それよりも、少し気になることが幼少女にはあった。


「あの、いま、元の魔族の一人として生まれ変わること『も』とおっしゃいましたね?」

「うむ。」

「ほかにも生まれ変わる先はあるのですか?」

「ある。」

「たとえば。」

「たとえば、そうであるな、人に生まれ変わることも出来る。この場合も記憶は消す。」


管理者は余計なことまで答えたが、この付け足した言葉を、幼処女は聞き逃さなかった。

「この言い方だと、記憶を消されずに生まれ変わることも出来そうな、できないような?」

と。

大事なことなので、幼少女はしっかり確かめる。


「あの、記憶を消されること無しに生まれ変わりを許して貰えることもあるのですか。」

「もちろんある。」


管理者は即答した。幼少女が「あれ?なんだかこの質問をされるのを予想していたみたい。」、と思ってくしまうくらいの即答であった。

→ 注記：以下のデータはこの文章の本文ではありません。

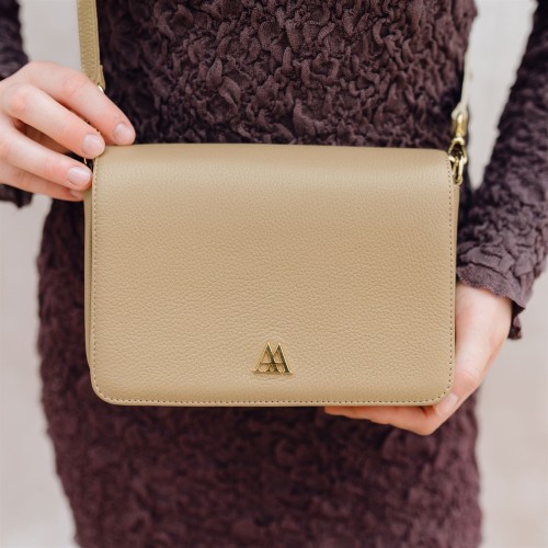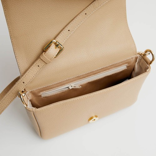 Bolso con solapa fabricado en piel beig de alta calidad.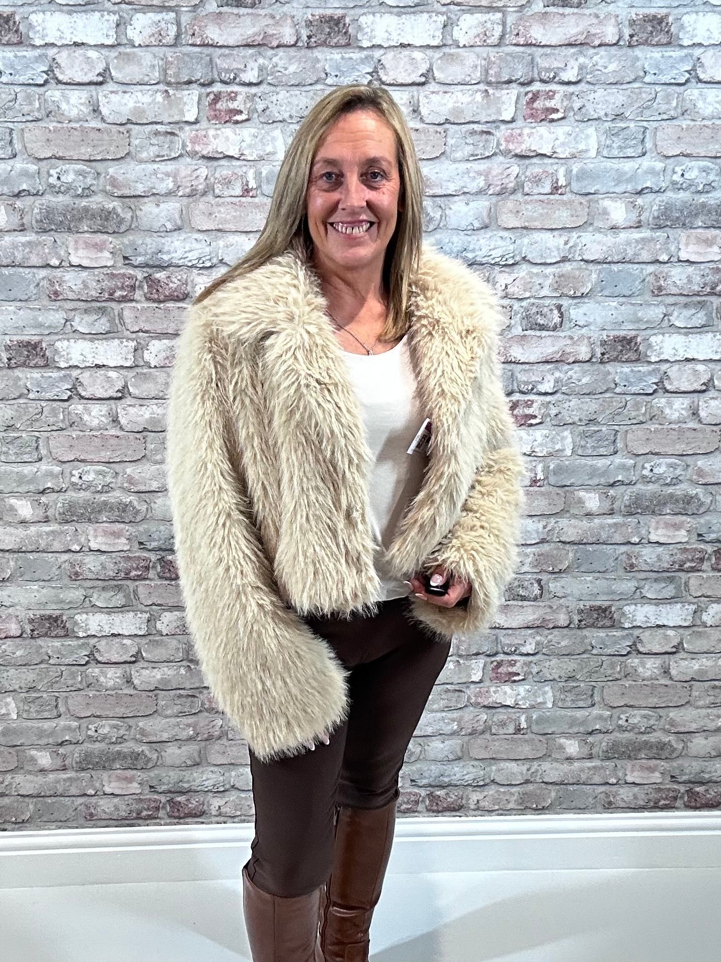 Elevate your look with the Felix jacket—a short faux fur masterpiece featuring a sleek collar, subtle lining, and handy pockets. Its hook and eye fastening adds an edgy touch, making this jacket the stunning statement piece your wardrobe demands.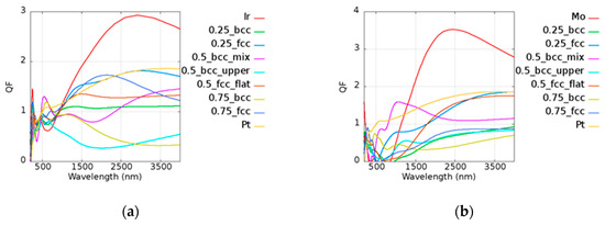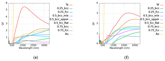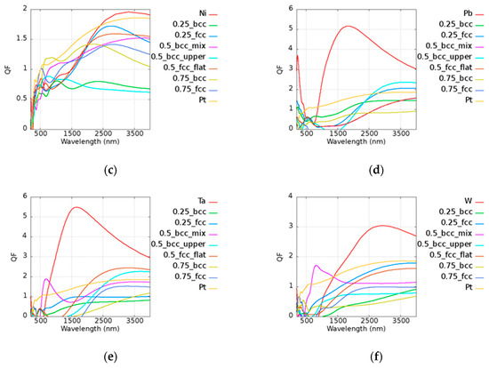 Unlike pure Au, Pt has a smaller Q due to its high imaginary part of the permittivity. The results of Q of Pt-based alloy are shown in Figure 7. In the legend of the plots, the first and the last ones characterize the pure metallic elements. The number represents the atomic ratio of Au, while the text after the number denotes the structure and the morphology under the given atomic ratio condition. For example, in Figure 7a, 0.75_fcc represents Au0.75Ir0.25 with an FCC structure. Pt0.5Ir0.5 (BCC_mix) and Pt0.75Ir0.25 (BCC) had stronger plasmonic responses in the visible range of 600 to 700 nm as compared to pure Pt. Pt0.75Mo0.25 (BCC_mix) exhibited a higher Q in the range of 900 to 1300 nm, which contributes to the lower loss and similar real part of pure Pt. The real and imaginary parts of permittivities of Pt-based alloy are shown in Figure A2 of Appendix A. Pt0.75Ni0.25 (BCC) could be applied in the range of 600 to 1000 nm and Pt0.25Ni0.75 (FCC) had a similar Q to that of two pure metals in the range of 2400 to 2700 nm. Pt0.25Pb0.75 (FCC) and Pt0.5Pb0.5 (BCC_upper) exhibited better results above 2750 nm compared to pure Pt. Pt0.5Ta0.5 (BCC_mix) was good at visible range, and Pt0.5Ta0.5 (BCC_upper) and Pt0.5Ta0.5 (BCC_flat) could be applied above 2700 and 2000 nm, respectively. Pt0.5Ta0.5 (BCC_mix) had a high Q in the broad band of 600 to 1400 nm. Pt was found to be a good candidate for catalysis, as mentioned in the previous discussions. It was shown that some alloys possess better performances than pure Pt. According to our simulation results, the design of the material used in devices may be adjusted in different applications in consideration of the cost and the performance.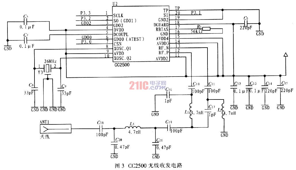CC2500无线收发电路如图3所示。采用低成本单芯片的2.4 GHz无线收发器CC2500。电路设定为2 400~2 483.5 MHz的ISM和SRD频率波段。该收发器内部集成了一个数据传输率达500 kb/s的高度可配置的调制解调器。可编程控制的输出功率可达+1 dBm,支持2-FSK和MSK。 CC2500用作一个低IF接收器。接收的RF信号通过低噪声放大器(LNA)放大,再对中间频率(IF)求积分向下转换。在IF下,I/Q信号通过A/D转换器被数字化。自动增益控制(AGC),细微频率滤波和解调位/数据包同步均数字化工作。CC2500的发送器部分基于RF频率的直接合成。频率合成器包含一个完整的芯片LCVCO和一个对接收模式下的向下转换混频器产生I和Q本振信号的90°相移装置。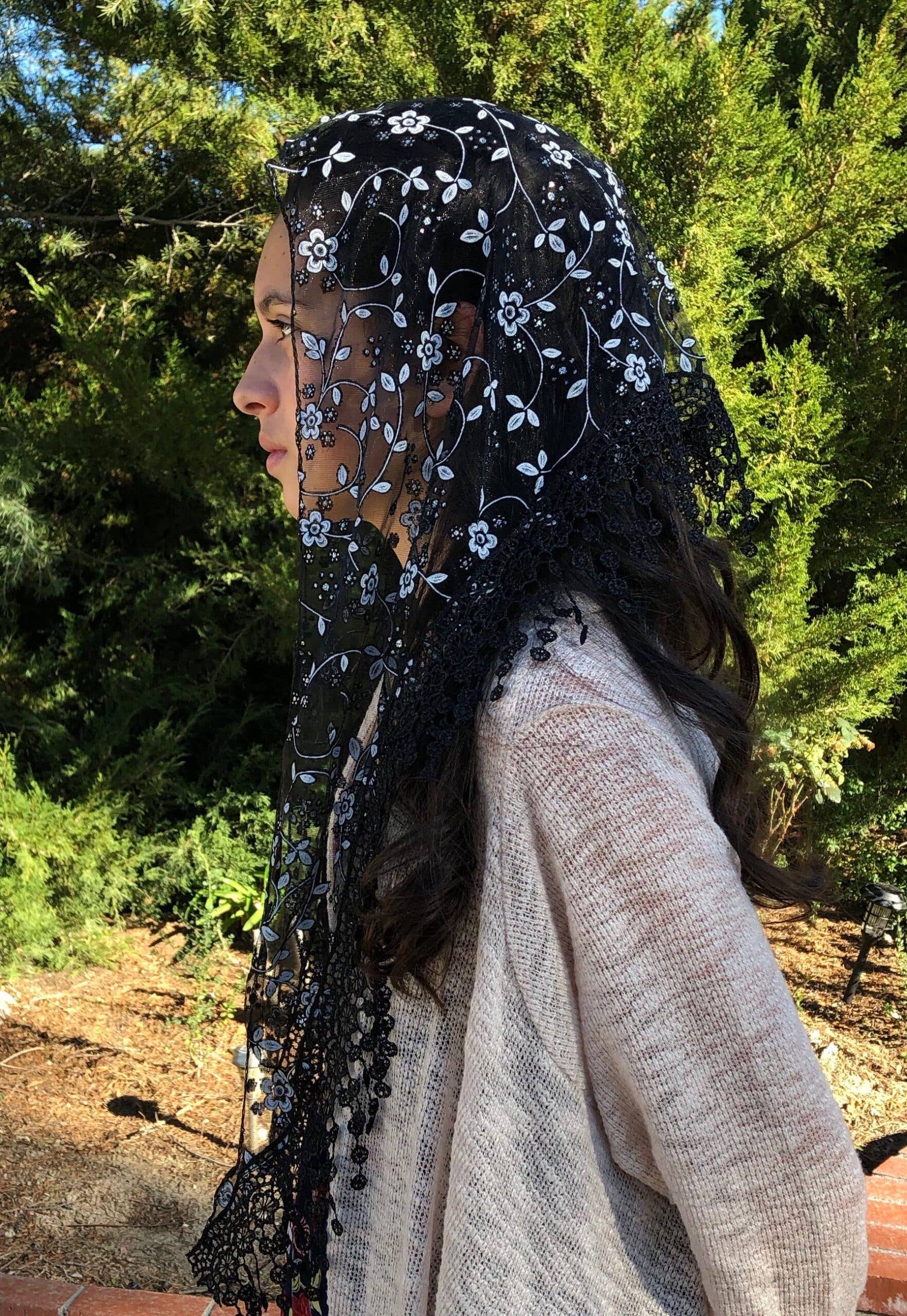 Cherry Blossom is one of our most popular Church Veils, perfect for all ages and a good starter for anyone, made with soft BLACK material and matching color lace around the edge. This gives a great touch to this nice starters veil, the lace material comes enhanced with glitter around the little flowers and leaves. NOTE: Wash by hand only, lay flat to dry. Measurements: 48″ x 13″. Veil clip included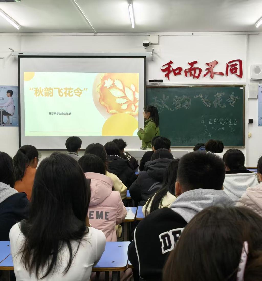 为丰富医学生的文学素养与人文关怀,让大学生活增添新色彩,引领大学生弘扬中华传统文化,提升人文素养10月31号18:00-19:30,由齐齐哈尔工程学院医学院主办,医学院学生会承办的“秋韵飞花令”主题诗词分享活动,在1#1302教室顺利开展,医学院全体同学积极参与其中。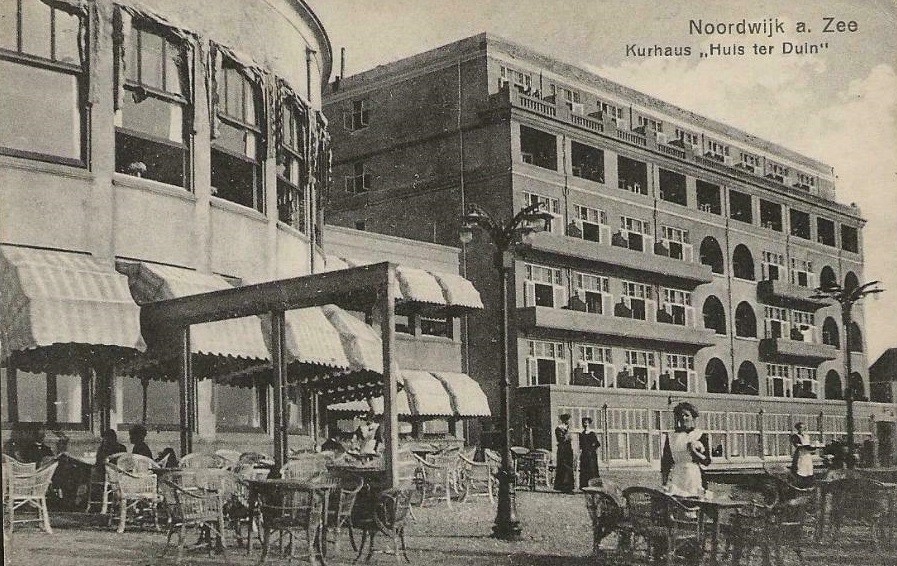 Een bijzondere, want niet eerder geziene foto van het terras van Huis ter Duin. Diensters in de weer, een klein gezelschap in de schaduw onder de markiezen, een grote glazen afscheiding om de wind weg te houden. Schitterende lantaarnpalen ook. Een soortgelijke foto van eerdere datum: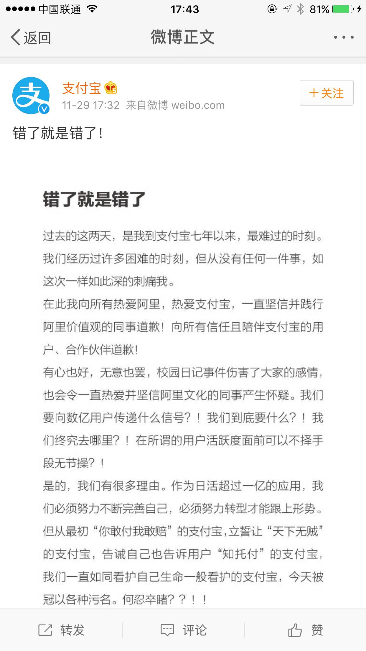 支付宝道歉日活超过一亿的超级应用“支付宝”在经历了最近两天的社交转型风波之后,以一封带有强烈个人风格的自我反思信作结。11月29日17:3……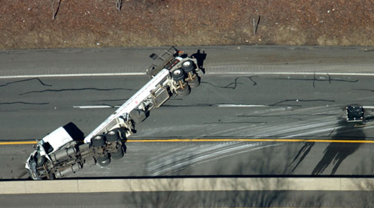 圖:美國一運(yùn)載有害化學(xué)物卡車在公路翻車(2)
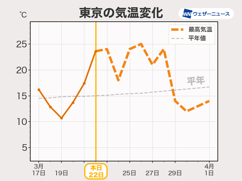 暖かさ続き東京で夏日の可能性も 次の週末は一転し全国的に気温低下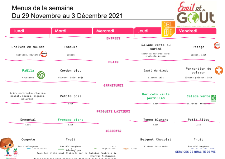 • Menus Cantine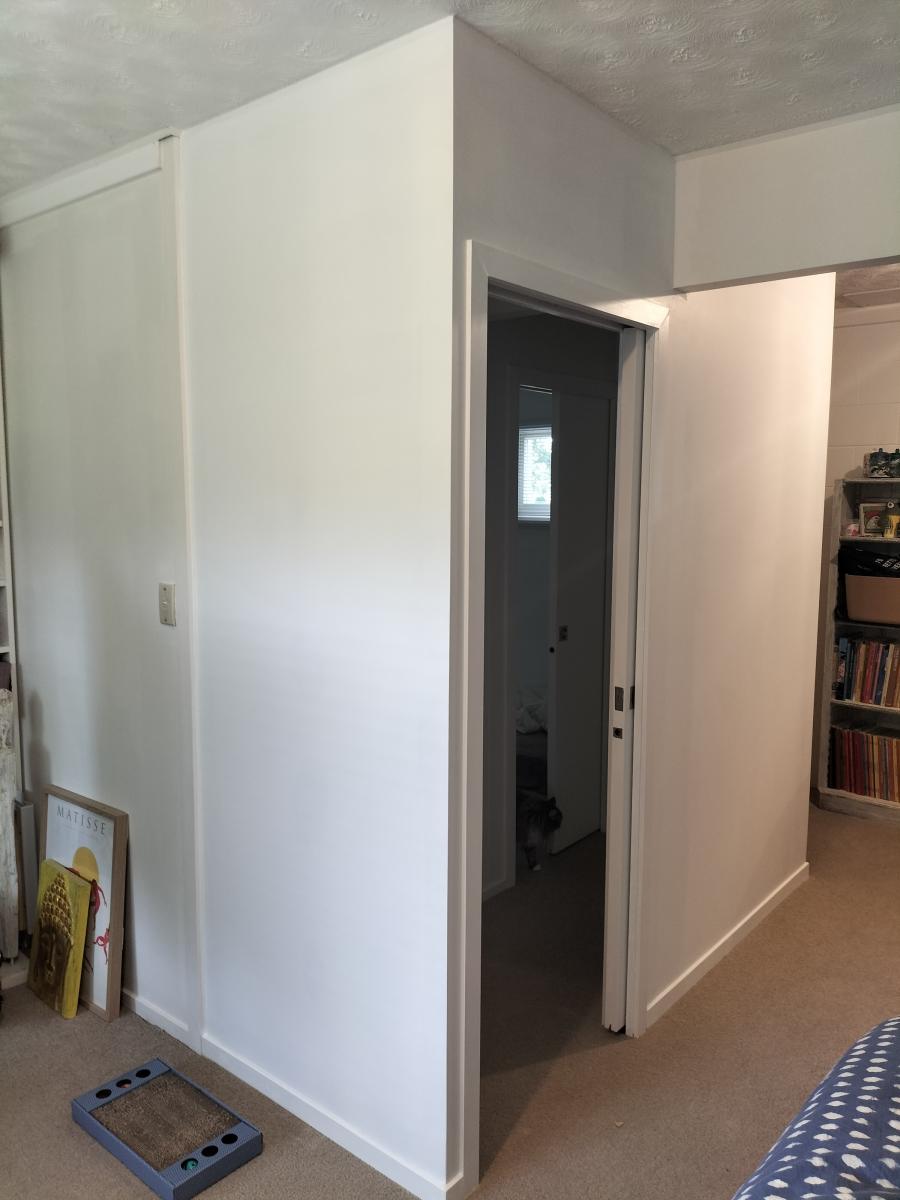 Pictures are all on the same job. The 1st 2 are of a frame with a cavity slider installed to give privacy to the Master Bedroom. The 2nd is the same walls finished.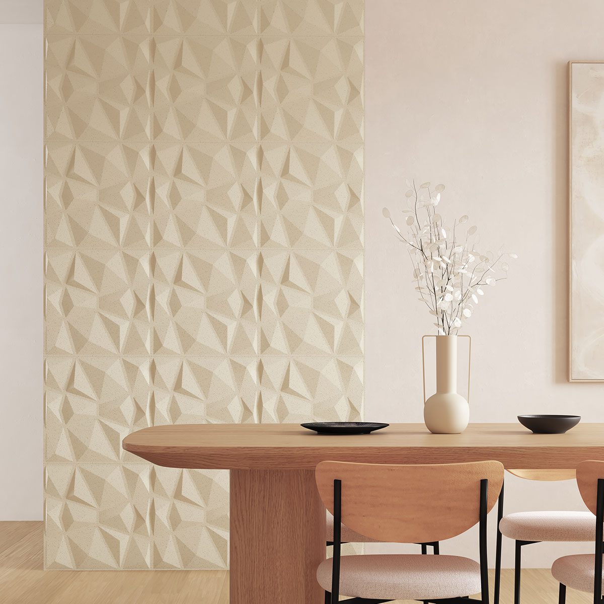 Τρισδιάστατα διακοσμητικά αυτοκόλλητα πάνελ τοίχου σε σετ 2 τεμαχίων. Είναι κατασκευασμένα από πλαστικό υλικό (PVC) σε εκρού χρώμα με ανάγλυφο σχέδιο. Μπορείτε να προσθέσετε περισσότερα κομμάτια και να φτιάξετε μια σύνθεση ή να τα βάλετε πίσω από το κρεβάτι σαν κεφαλάρι. Ιδανικό για οικιακούς και επαγγελματικούς εσωτερικούς χώρους. Μην τοποθετείται σε φρεσκοβαμμένους τοίχους ή ανώμαλες επιφάνειες.

「先ほども伝えたとおり、記憶を消すのは、私の管理する世界に生まれ変わったときに、そなた自身や周囲の者が前世の記憶に苦しめられることのないようにするためである。ゆえに、私の管理する世界の外で生まれ変わるならば、そして、そなた自身が記憶を持ったままで生まれ変わることの苦しみをあえて受けるというのであれば、そのようにしてやることもこの度だけは許してやらぬでもない。」


「それって、なんだか理由になっているようで、なっていないような気がする」、と幼少女は思ったが、管理者が自分の管理する世界から追い出して、自分のミスをもみ消すために片道切符を選ばせることしか考えていなかった、という真実にはたどり着けなかった。

なんせ、別の世界でこの幼少女がどれほど辛い目に遭おうが、周囲を混乱させようが、責任を問われるのは、この世界の管理者ではなく、別の世界の管理者なのだから。

そうした、創造主の作ったルールを知らない幼少女が、真実にたどり着けなかったとしても仕方がないことだった。